15. The hydrogel sensor device of claim 11, wherein the target molecule is selected from the group consisting of a virus, a protein, a nucleic acid, an enzyme, an antibody, and combinations thereof

16. The hydrogel sensor device of claim 1, wherein the detector is selected from an optical detector, a pressure detector, a magnetometer, and combinations thereof

17. The hydrogel sensor device of claim 1, wherein the change in volume is detected by collection of a detector response signal and correlation of the detector response signal with a reference dataset.

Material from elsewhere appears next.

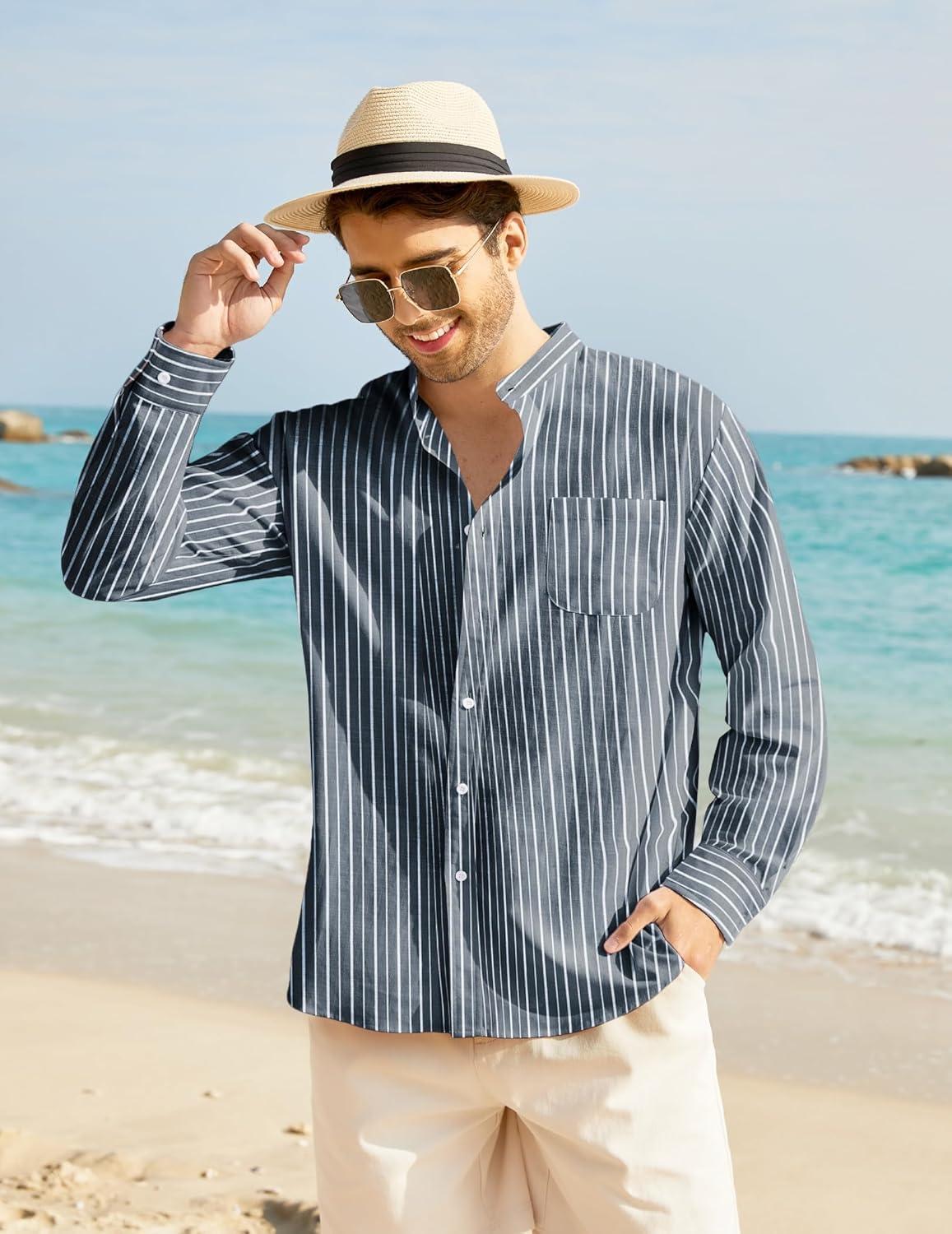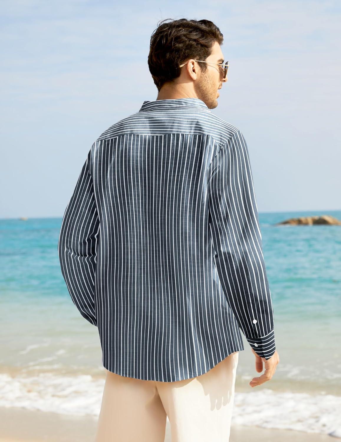 Be the first to review “COOFANDY Men’s Oxford Shirts Long Sleeve Casual Button Down Shirts Band Collar Dress Shirt with Pocket(Thin White Stripes)”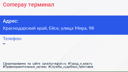 Comepay, терминал по адресу Краснодарский край, Ейск, улица Мира, 98 в дальнейшем Организация, размещена в следующих категориях:

18. A method of detecting a target molecule, comprising:

concurrently and reversibly binding a common target molecule to a first affinity ligand and a second affinity ligand of a crosslinked hydrogel network to decrease a volume of the crosslinked hydrogel network, wherein one or both of the first affinity ligand and the second affinity ligand are at least one of a protein, a protein fragment, a peptide, a synthetic biomimetic ligand, and or a synthetic chemical ligand; and

detecting changes in the volume.

19. The method of claim 18, wherein detecting is performed with an optical detector, a pressure detector, a magnetometer, or a combination thereof

20. The method of claim 18, further comprising correlating changes in volume with a local concentration of the common target molecule.

21. The method of claim 20, further comprising transmitting local concentration data to a remote device.